Activity = Send each entry back exactly as given, pictures excluded.

Input for this task =

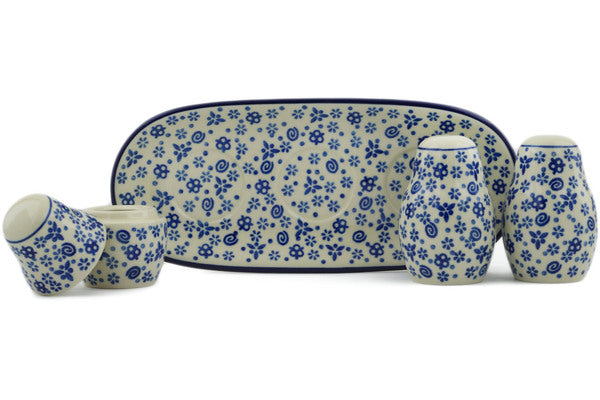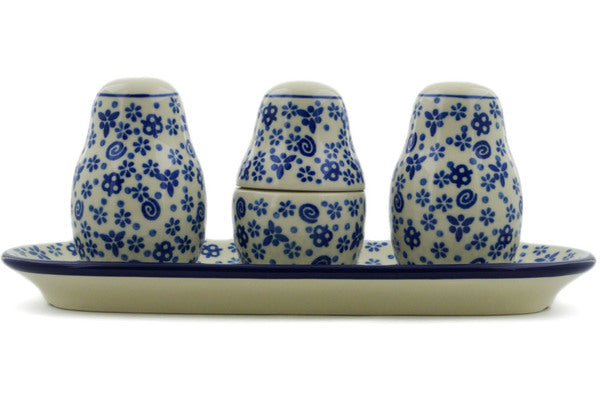 This Blue Confetti 10" Salt and Pepper with Toothpick Holder was handmade and hand decorated in Boleslawiec, Poland by skilled artisans according to old traditional methods. This Polish stoneware is microwave, dishwasher, freezer, and oven safe up to 480°F. It does not contain lead or cadmium. It is part of the Blue Confetti Collection.
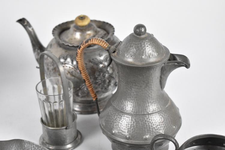 Lot 1502 of 2131: A group of assorted pewter items, including an Arts & Crafts style part tea service, tea canister, various trays, etc.
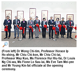 Ms Florence Hui Hiu-fai, Under Secretary for Home Affairs; Dr Louis Ng Chi-wa, Deputy Director of Leisure and Cultural Services (Culture), the Leisure and Cultural Services Department; Ms Fione Lo Sau-lai, Director of the Hong Kong Heritage Museum; Ms Eve Tam Mei-yee, Director of the Hong Kong Museum of Art; Mr Chiu Chi-kon and Mr Chiu Chi-tai, sons of Professor Chao; and Mr Young Kin-fat, President of To-day’s Chinese Art Association and a well-known Lingnan painter, officiated at the opening ceremony on 2 March. Lingnan is a school of painting from southern China.
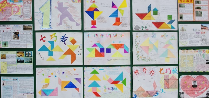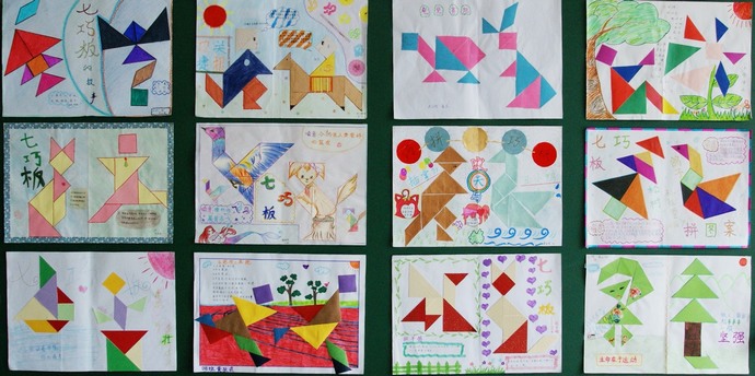 数学探究让同学们到生活中学数学,在生活中用数学,同学们用七巧板制作出了无数美妙的图案,一只猫、几款狗、一间屋、一个人即可说出一串串美妙动人的故事……手抄数学小报,不仅能使孩子们增长数学知识,陶冶情操,而且能给人一种美的艺术享受,真可谓“神奇七巧显智慧,精美小报展才华”。
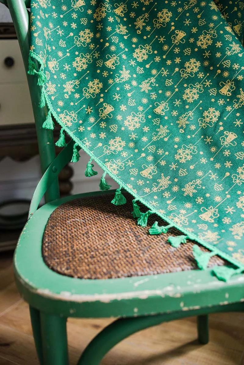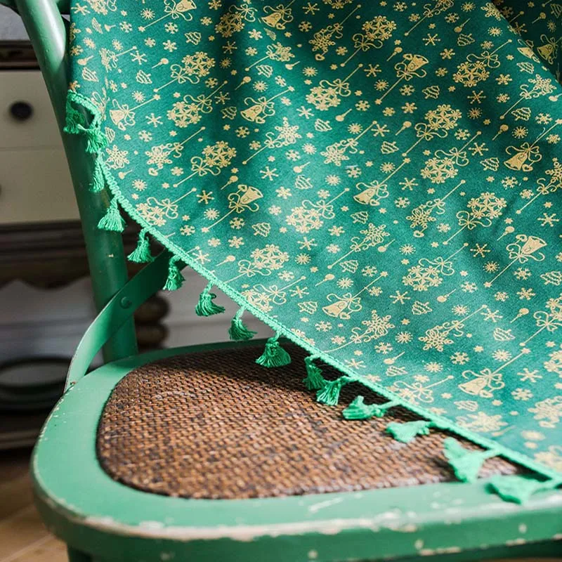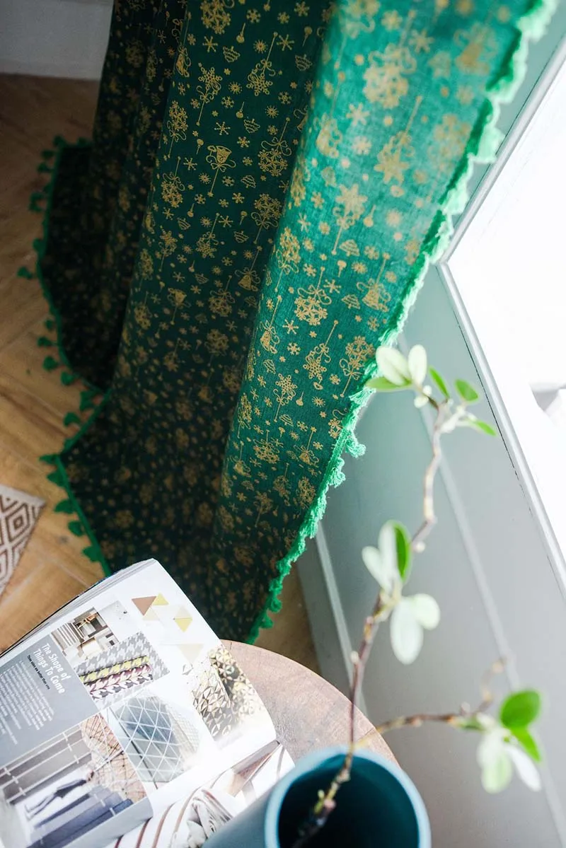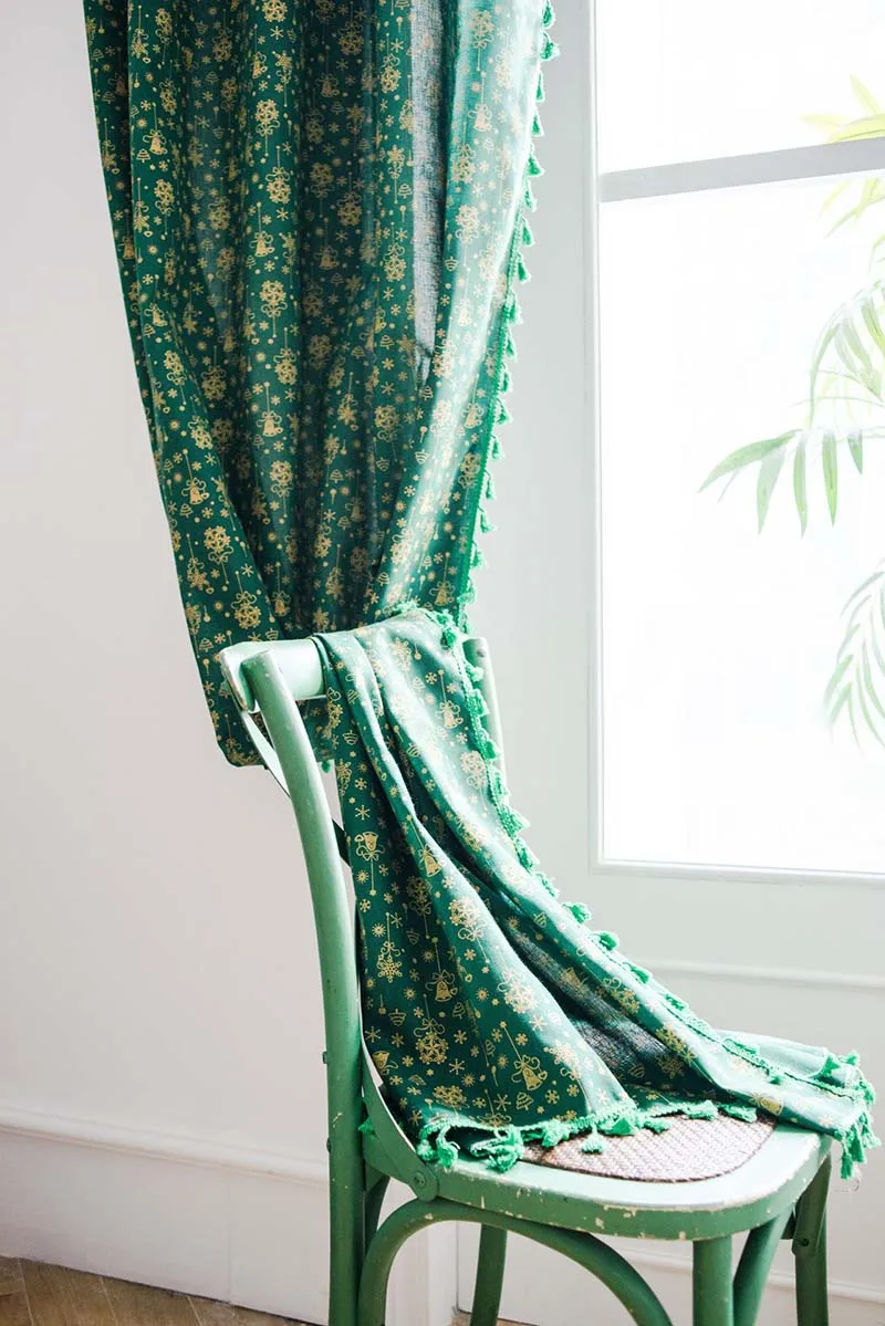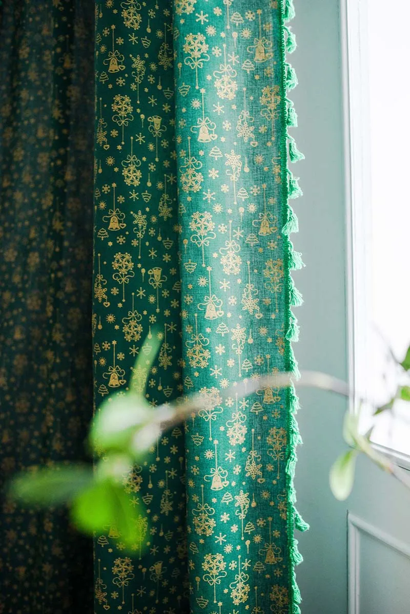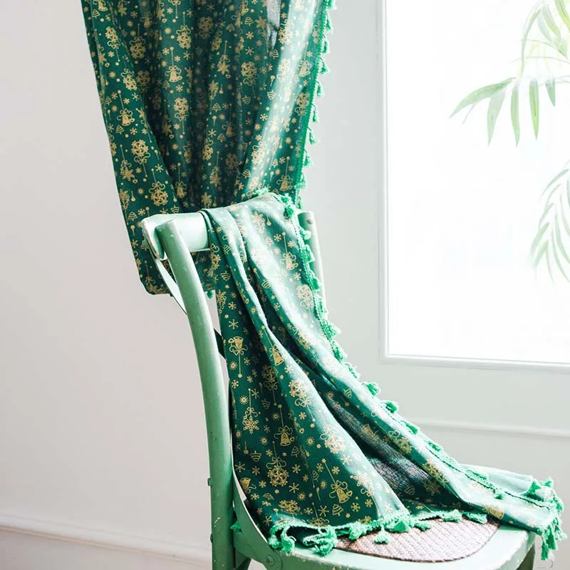 Рождественская зеленая занавеска с кисточками для гостиной, спальни, кухни, кафе, плоская оконная занавеска с золотым принтом снежинки, Readymade

Answer to this problem =
 This Blue Confetti 10" Salt and Pepper with Toothpick Holder was handmade and hand decorated in Boleslawiec, Poland by skilled artisans according to old traditional methods. This Polish stoneware is microwave, dishwasher, freezer, and oven safe up to 480°F. It does not contain lead or cadmium. It is part of the Blue Confetti Collection.
 Lot 1502 of 2131: A group of assorted pewter items, including an Arts & Crafts style part tea service, tea canister, various trays, etc.
 Ms Florence Hui Hiu-fai, Under Secretary for Home Affairs; Dr Louis Ng Chi-wa, Deputy Director of Leisure and Cultural Services (Culture), the Leisure and Cultural Services Department; Ms Fione Lo Sau-lai, Director of the Hong Kong Heritage Museum; Ms Eve Tam Mei-yee, Director of the Hong Kong Museum of Art; Mr Chiu Chi-kon and Mr Chiu Chi-tai, sons of Professor Chao; and Mr Young Kin-fat, President of To-day’s Chinese Art Association and a well-known Lingnan painter, officiated at the opening ceremony on 2 March. Lingnan is a school of painting from southern China.
 数学探究让同学们到生活中学数学,在生活中用数学,同学们用七巧板制作出了无数美妙的图案,一只猫、几款狗、一间屋、一个人即可说出一串串美妙动人的故事……手抄数学小报,不仅能使孩子们增长数学知识,陶冶情操,而且能给人一种美的艺术享受,真可谓“神奇七巧显智慧,精美小报展才华”。
 Рождественская зеленая занавеска с кисточками для гостиной, спальни, кухни, кафе, плоская оконная занавеска с золотым принтом снежинки, Readymade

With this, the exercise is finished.